> [TASK DETAILS]: Give back every record below in full and exactly, but without a single image.

> [GIVEN ENTRIES]:

□ □ □

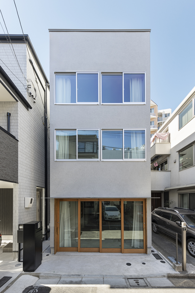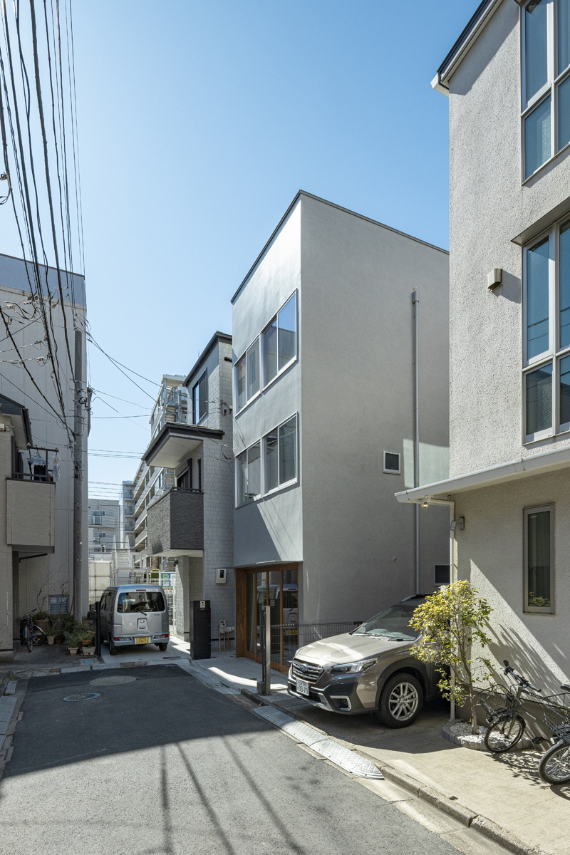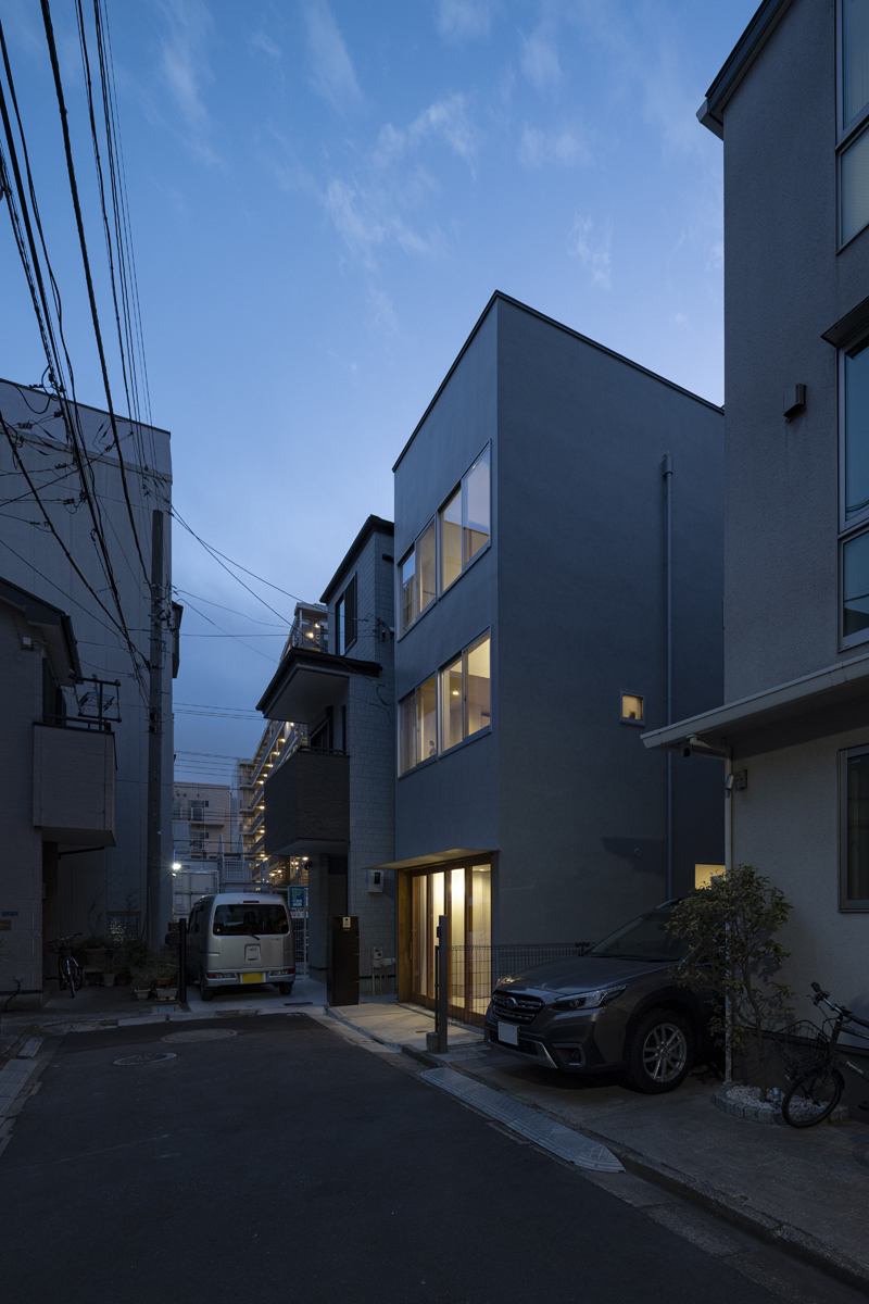 この建築は東京都江東区平野に建つ住宅である。平野は清澄白河から深川、門前仲町へ向かう途中に位置し、美術館や庭園、カフェやショップ、寺院など多様な建物が点在していることにより、散策でにぎわう街となっている。敷地は散策路から少し離れた袋路の奥にあり、暮らすには静かで良好な環境だが、人の気配は減り、閉じた印象であった。
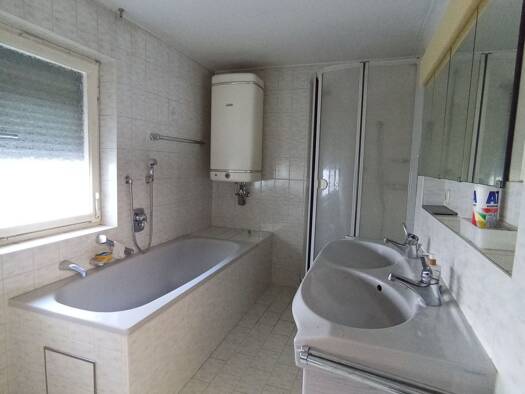 Doppelhaushälfte zentral gelegen, mit Garage die Unterkellert ist. Keine Zentralheizung, keine Warmwasserversorgung. Nachtspeicheröfen. Umbau 1967 und in den 80er Jahren.
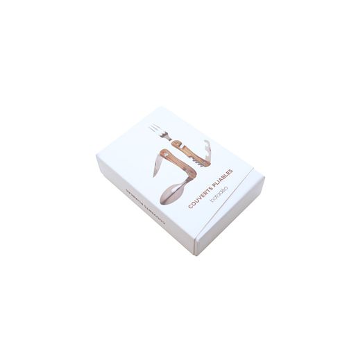 Couverts pliants en acier inoxydable 420 alimentaire. Manche en frêne exotique. Assemblage aimanté pour scinder le produit en deux parties et former ainsi une fourchette et un couteau (ou une cuillère). 6 fonctions : couteau, fourchette, cuillère, décapsuleur, ouvre boite, tire- bouchon avec mèche 4 spirales en acier inoxydable. Livrés dans un coffret cadeau en carton blanc.
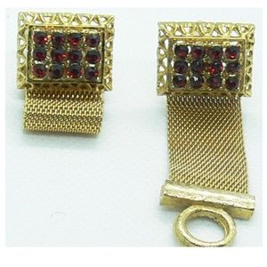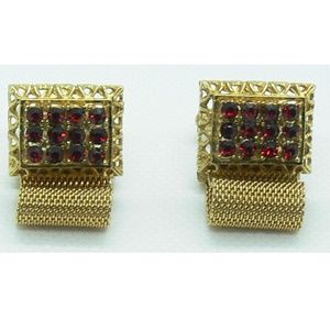 Mens Vintage Gold Tone & 12 Rubies Cufflinks w Mesh Wrap
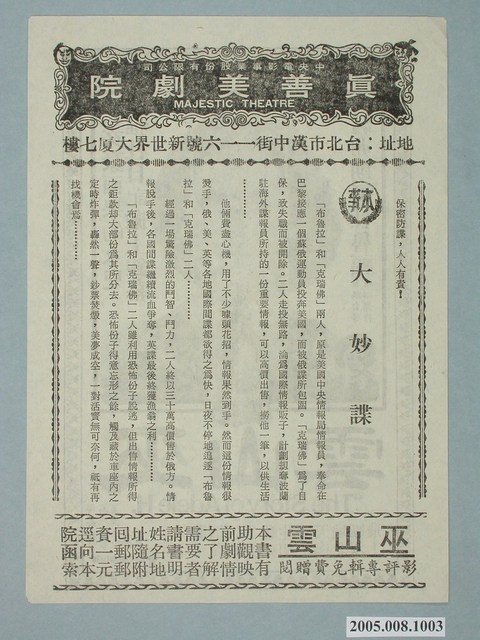 本件保存良好,為真善美劇院出品,巫山雲 The Story of Adele H/L'histoire d'Adèle H電影廣告單。電影由Isabelle Adjani主演,導演為弗朗哥杜魯福François Truffaut。電影單其他部分為電影大妙諜宣傳。
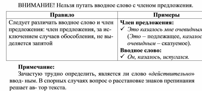ВНИМАНИЕ! Нельзя путать вводное слово с членом предложения.
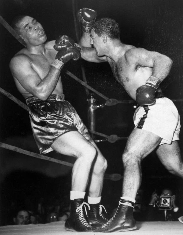 El 26 de octubre de 1951, Marciano noqueó al gran Joe Louis, quien, a los 37 años, había vuelto a los rings, y era su ídolo de la infancia.
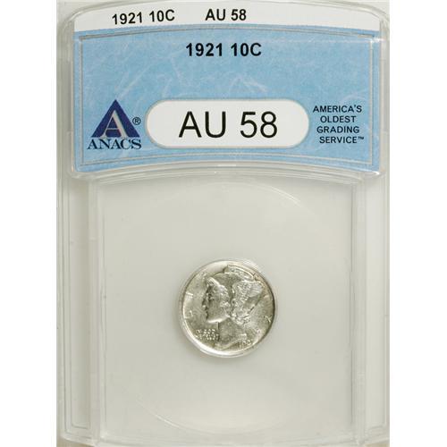<B>1921 10C AU58 ANACS.</B></I> Strongly lustrous with just a touch of highpoint friction. The overall definition is bold, and on the reverse, the bands approach complete separation. A largely untoned and lovely representative of this desirable semi-key issue.<BR><BR><b>Shipping:</b> Coins & Currency (<a target="_blank" href="http://www.heritageauctions.com/common/shipping.php">view shipping information</a>)
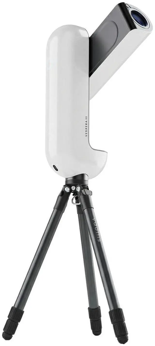 The Vespera III marks a significant evolution in smart telescope technology, prioritizing extended autonomy and high-performance optics. This 'reimagined' model features a sophisticated Apochromatic quadruplet Petzval-inspired optical design with a 50 mm aperture and F/ 4.9 focal ratio, specifically engineered for capturing deep-sky objects, the moon, and the sun. To support long observation sessions, the device boasts an impressive 11-hour battery life and has been upgraded with 115 GB of internalstorage. Connectivity is modernized through a USB-C port that handles both powerand high-speed data transfer, all supported by a new, more stable tall aluminiumtripod with an integrated bubble level.

□ □ □

> [COMPLETED TASK]:
 この建築は東京都江東区平野に建つ住宅である。平野は清澄白河から深川、門前仲町へ向かう途中に位置し、美術館や庭園、カフェやショップ、寺院など多様な建物が点在していることにより、散策でにぎわう街となっている。敷地は散策路から少し離れた袋路の奥にあり、暮らすには静かで良好な環境だが、人の気配は減り、閉じた印象であった。
 Doppelhaushälfte zentral gelegen, mit Garage die Unterkellert ist. Keine Zentralheizung, keine Warmwasserversorgung. Nachtspeicheröfen. Umbau 1967 und in den 80er Jahren.
 Couverts pliants en acier inoxydable 420 alimentaire. Manche en frêne exotique. Assemblage aimanté pour scinder le produit en deux parties et former ainsi une fourchette et un couteau (ou une cuillère). 6 fonctions : couteau, fourchette, cuillère, décapsuleur, ouvre boite, tire- bouchon avec mèche 4 spirales en acier inoxydable. Livrés dans un coffret cadeau en carton blanc.
 Mens Vintage Gold Tone & 12 Rubies Cufflinks w Mesh Wrap
 本件保存良好,為真善美劇院出品,巫山雲 The Story of Adele H/L'histoire d'Adèle H電影廣告單。電影由Isabelle Adjani主演,導演為弗朗哥杜魯福François Truffaut。電影單其他部分為電影大妙諜宣傳。
ВНИМАНИЕ! Нельзя путать вводное слово с членом предложения.
 El 26 de octubre de 1951, Marciano noqueó al gran Joe Louis, quien, a los 37 años, había vuelto a los rings, y era su ídolo de la infancia.
<B>1921 10C AU58 ANACS.</B></I> Strongly lustrous with just a touch of highpoint friction. The overall definition is bold, and on the reverse, the bands approach complete separation. A largely untoned and lovely representative of this desirable semi-key issue.<BR><BR><b>Shipping:</b> Coins & Currency (<a target="_blank" href="http://www.heritageauctions.com/common/shipping.php">view shipping information</a>)
 The Vespera III marks a significant evolution in smart telescope technology, prioritizing extended autonomy and high-performance optics. This 'reimagined' model features a sophisticated Apochromatic quadruplet Petzval-inspired optical design with a 50 mm aperture and F/ 4.9 focal ratio, specifically engineered for capturing deep-sky objects, the moon, and the sun. To support long observation sessions, the device boasts an impressive 11-hour battery life and has been upgraded with 115 GB of internalstorage. Connectivity is modernized through a USB-C port that handles both powerand high-speed data transfer, all supported by a new, more stable tall aluminiumtripod with an integrated bubble level.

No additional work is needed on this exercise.